Боюсь, что да. Но, судя по твоим словам, это похоже на ту искорку, которая впервые привлекла тебя ко мне.

Нет. Не смей так говорить, Бьянка. Может, я просто рассказываю похоже. Но чувство было совсем другим.

Тогда в чем разница?

Разница в том, куда это приводит. С тобой я чувствую, что могу стать кем-то лучшим и что это на самом деле может зависеть от меня. С Аттилой я чувствовала, что должна стать кем-то худшим и что от меня здесь ничего не зависит. И знаешь что… Я до сих пор не могу решить, какой вариант ближе к правде.

Конечно, на самом деле таких разговоров мы с Бьянкой не вели. Если не считать все те случаи, когда мы встречались взглядом — было очевидно, что мы обе ощущаем это невысказанное бремя. Это непонимание, почему мы чувствуем себя игрушками в гигантских холодных руках.

Такие диалоги я вела сама с собой в тихих, подходящих для раздумий местах, где скрывалась от попыток Вала вытащить наружу лучшие стороны моей натуры. Это могло бы показаться позитивным влиянием, вот только он был при этом так солнечно утомителен, так очевидно демонстрировал, что я для него всего лишь реставрационный проект, как для какого-нибудь умельца — сломанный кофейный столик, что ритуальное убийство начинало казаться вполне приемлемым.

Аттила никогда не притворялся, будто хочет меня спасти.

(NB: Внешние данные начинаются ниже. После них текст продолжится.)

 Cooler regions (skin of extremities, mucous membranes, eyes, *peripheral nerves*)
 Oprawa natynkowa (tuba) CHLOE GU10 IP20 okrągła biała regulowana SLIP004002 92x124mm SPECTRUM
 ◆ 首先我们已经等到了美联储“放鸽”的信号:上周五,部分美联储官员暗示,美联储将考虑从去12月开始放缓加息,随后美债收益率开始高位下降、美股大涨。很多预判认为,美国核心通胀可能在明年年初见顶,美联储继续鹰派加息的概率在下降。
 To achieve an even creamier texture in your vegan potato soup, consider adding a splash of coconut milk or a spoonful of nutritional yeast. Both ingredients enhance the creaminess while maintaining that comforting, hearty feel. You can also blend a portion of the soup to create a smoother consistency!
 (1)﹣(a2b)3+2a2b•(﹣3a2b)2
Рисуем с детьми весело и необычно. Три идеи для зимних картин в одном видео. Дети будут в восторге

С ним мне с самого начала казалось, что он знает меня лучше, чем я сама. Еще одно «намасте», только вывернутое наизнанку: социопат во мне приветствует потенциальную социопатку в тебе… ей только и нужно, что легкий толчок в нужную сторону. Ей нужно отпустить себя на волю.

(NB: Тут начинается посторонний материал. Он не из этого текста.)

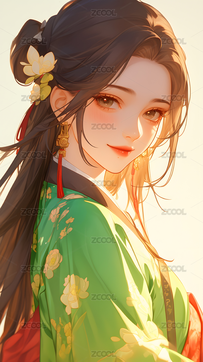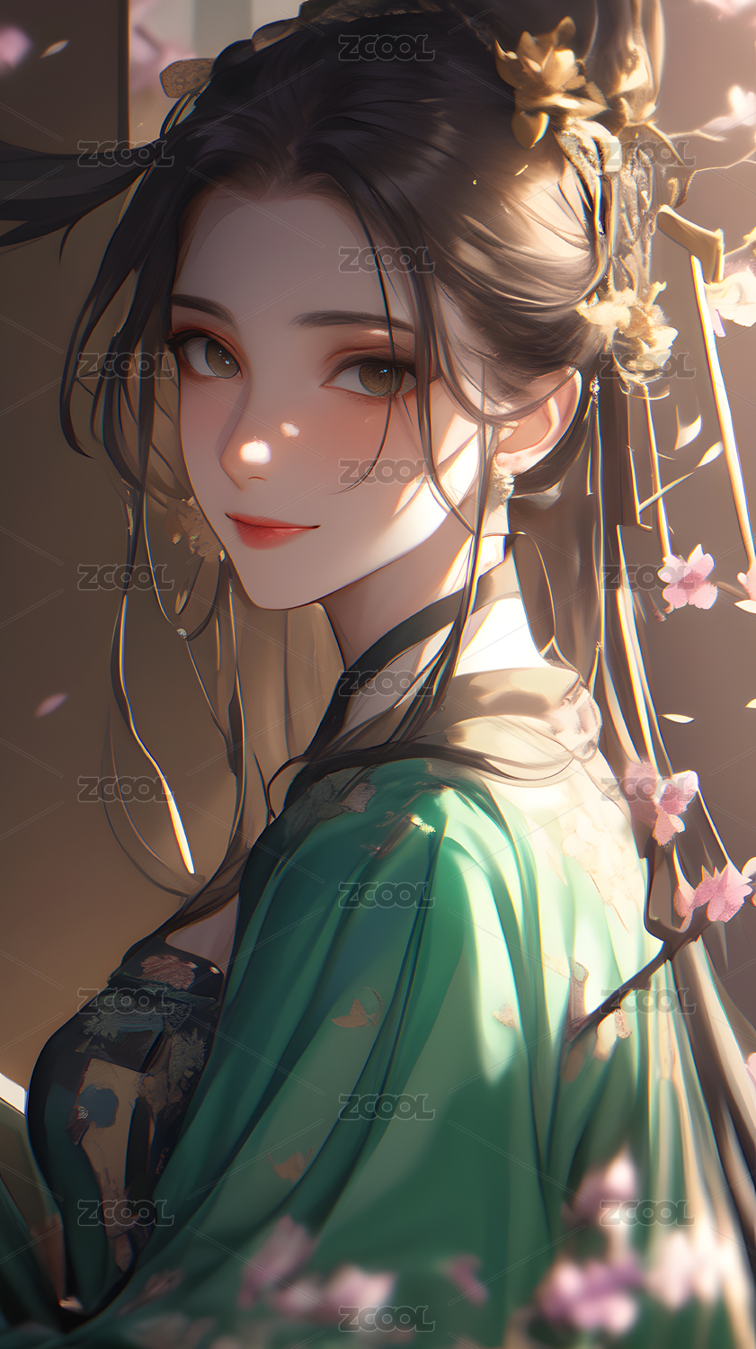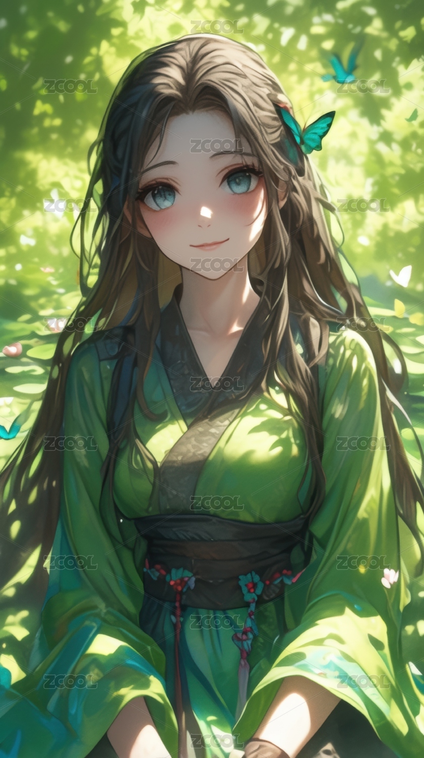 穿着绿色和服的美丽女孩

Лежа в постели, он предлагал мне якобы гипотетические ситуации. «Если бы тебе казалось, что ты должна кого-нибудь убить, чтобы воплотить свой полный потенциал, ты бы сделала это?»

Такие вот легкие, жизнерадостные вопросы. Как я могла на них ответить? Я ведь была в сарае, помните? Я знаю, каково быть жертвой.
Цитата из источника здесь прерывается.